Video Transcript: Exodus and Redemption
Francis - The story of Exodus is huge, because in the story, you've got God telling Moses, hey, warn these people, if they don't don't let you go, here's what I'm gonna do to them. And then time and time again, God follows through, you know, with all the plagues, and I think it's an important time to show your disciple that God isn't bluffing. You know, sometimes you see parents and in depending on what type of home you grew up in, some parents will say, Hey, you do this Johnny, and you know, I'm gonna send you to your room, and then they don't do it. You know, they don't follow through with the punishment. So we get this attitude almost like, well, when God says it, just kind of No, he sent us, I mean, killing the first born of every household. I mean, that seems just like, How could God do that, but we learn about the nature of God through his actions and go no, if God says he's gonna do it he's really going to do it. He drowned all of those people in that sea. He literally had them weeping and wailing, every house going, like my first born is dead. And I know we don't like to talk about these things. But it's reality. Our culture is is trying to make us think, Oh, God would never carry out His wrath.

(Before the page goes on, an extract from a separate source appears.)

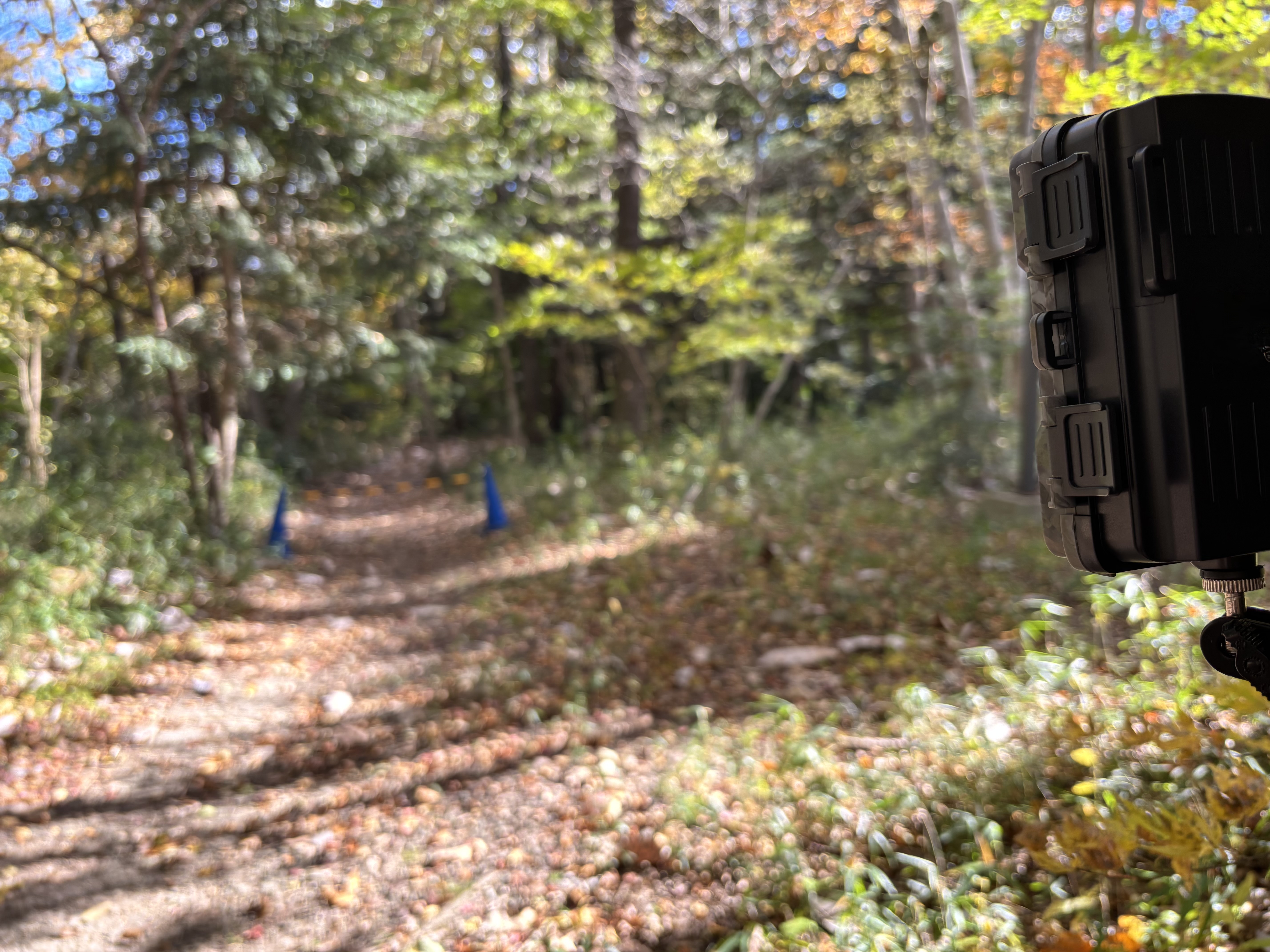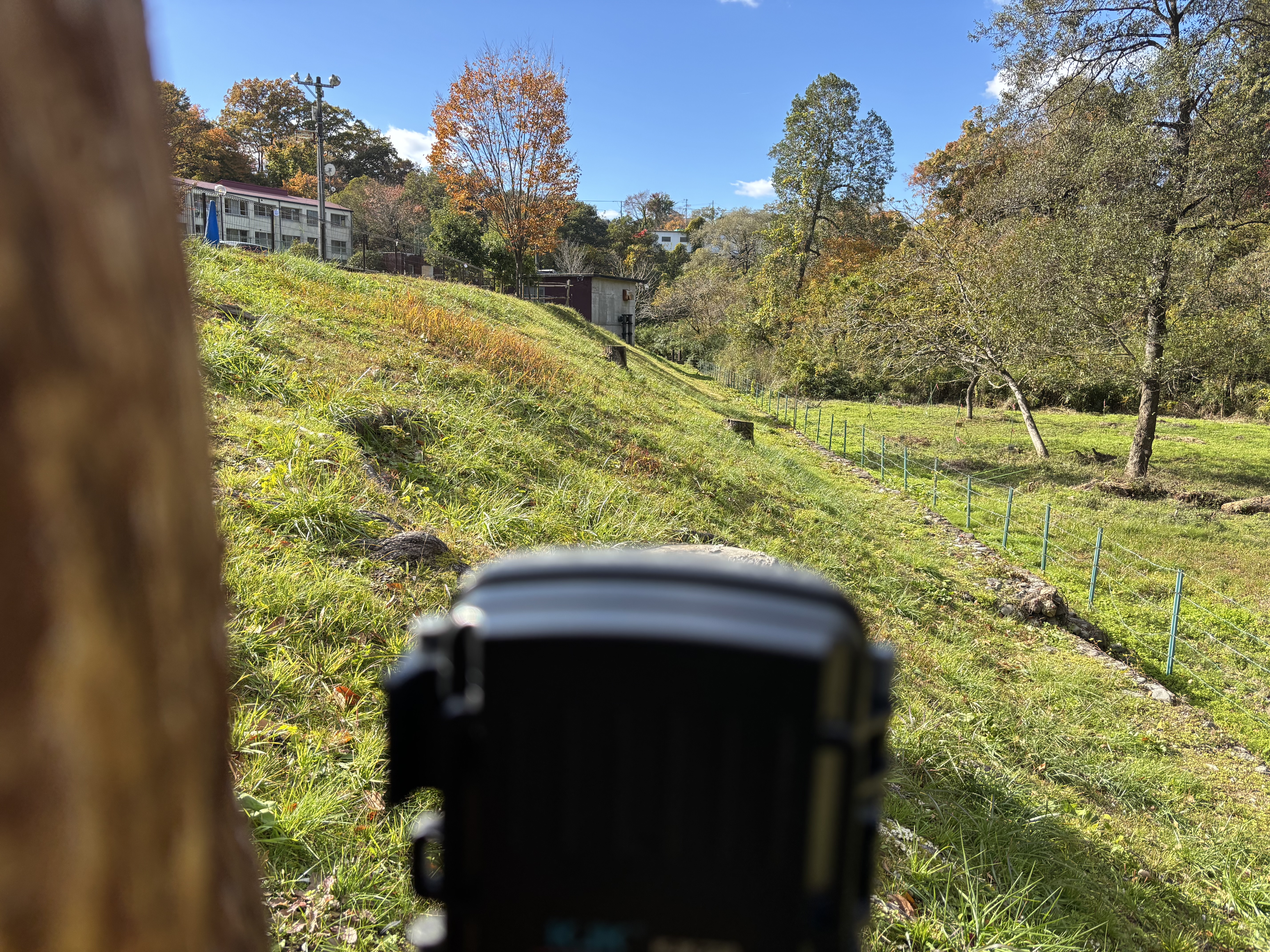 こども園に隣接する森の(遊歩道)入り口など数箇所に設置したトレイルカメラ。
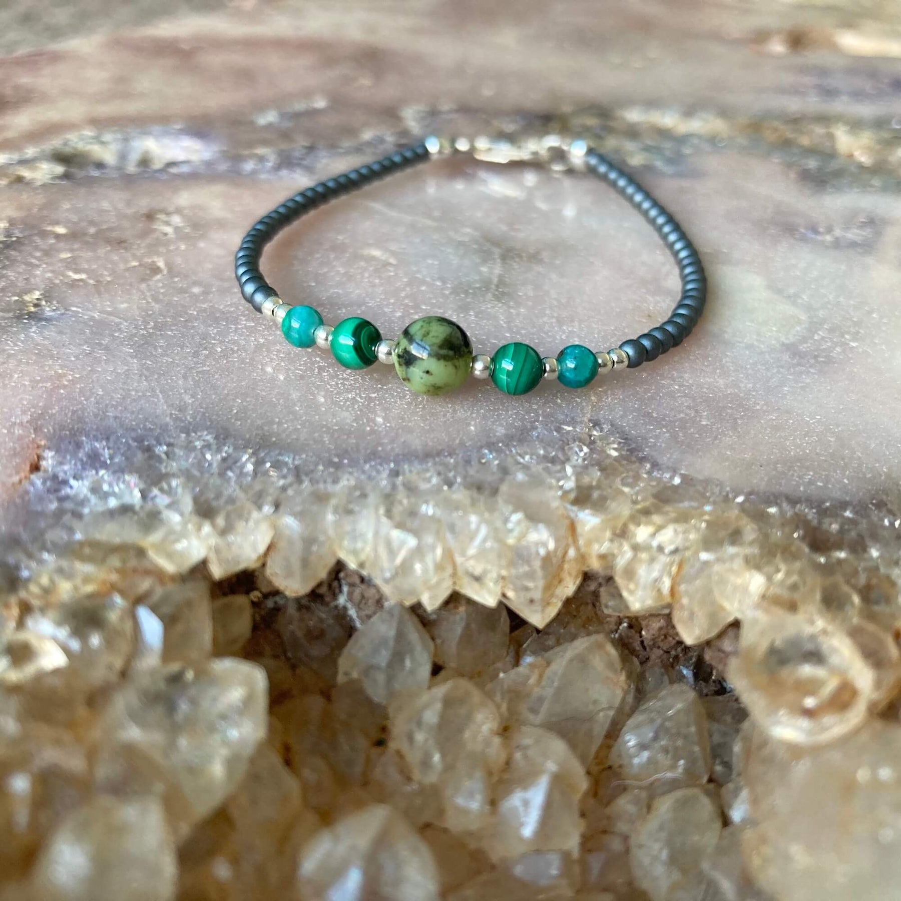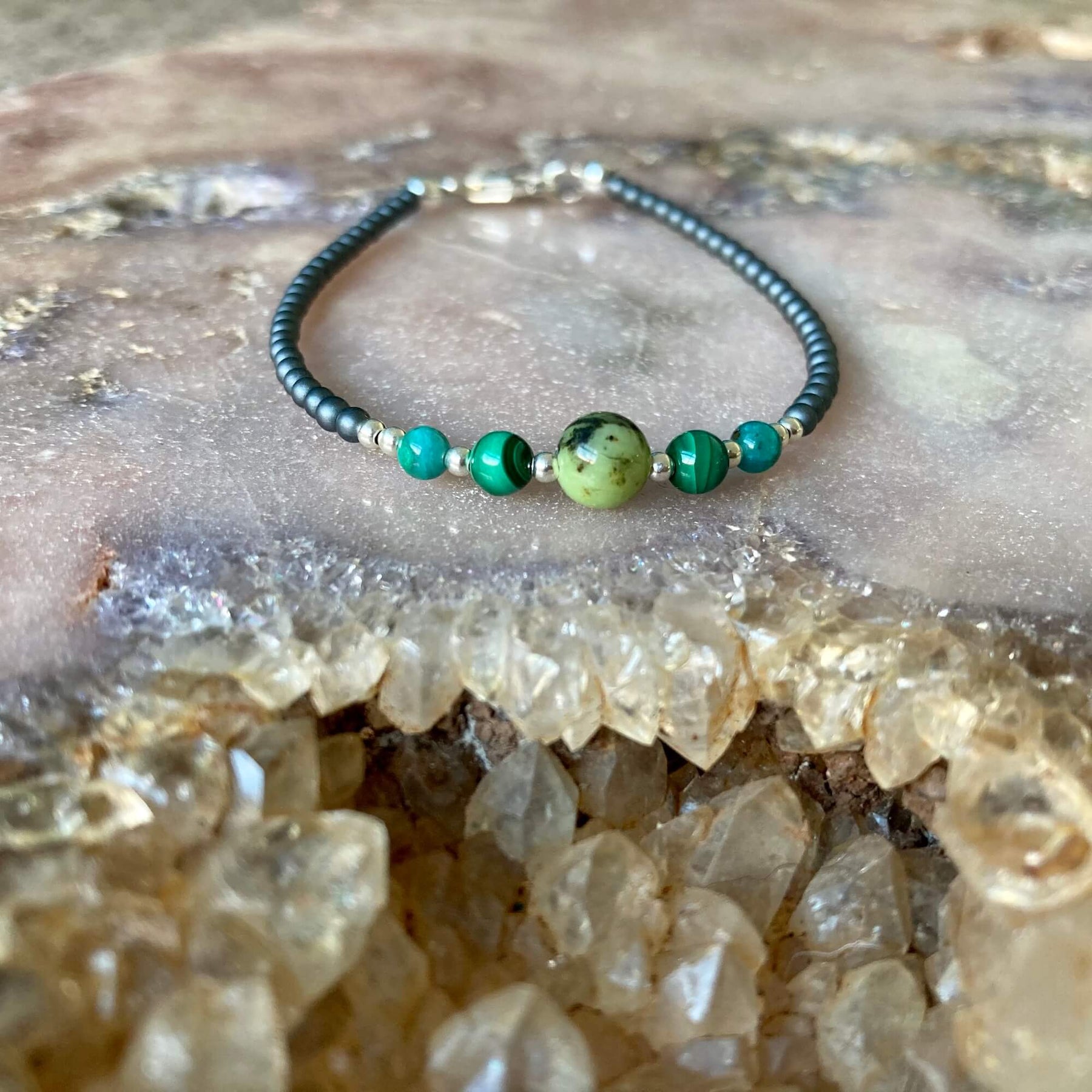 Chrysoprase, Chrysocolla and Malachite combined nurture and support a focused and organised Virgo, while reminding them to embrace their inner child to connect to their joy and magic.

David – Right. And therefore a lot of people in the church think, oh, that's, that's not the God I believe in. But remember, and this goes back to why and stuff in the previous lessons in foundational, like, we believe this word, and we trust God. And in this picture of his wrath. There's obviously questions, all kinds of questions that should come up, as we read stories like this, like, wow, this is judgment and death and punishment that's been poured out here, but to remember that God's wrath, it's it's not disconnected from His love, His wrath and His love go together. And love, in a sense, requires wrath. Like, if I love Jewish people, then I will hate the Holocaust. I will absolutely hate it. If I love my wife and kids, I will be absolutely I am absolutely opposed to anything that will bring them harm. And so God's love is not indifferent. God's love. He is absolutely opposed to what destroys us. And what hinders us, he hates sin. And the beauty of the gospel instead of bringing that whenever you wrestle through these questions with people, your discipling, bring it back to the gospel. So the whole picture of the cross is God's love and wrath displayed in one. His wrath. This is his judgment on sin being poured out. At the same time, this is his love, because He's enduring that judgment in our place. And so if we dilute the wrath of God, we'll actually miss out on the glory of God's love in the process. So yeah, these are good questions.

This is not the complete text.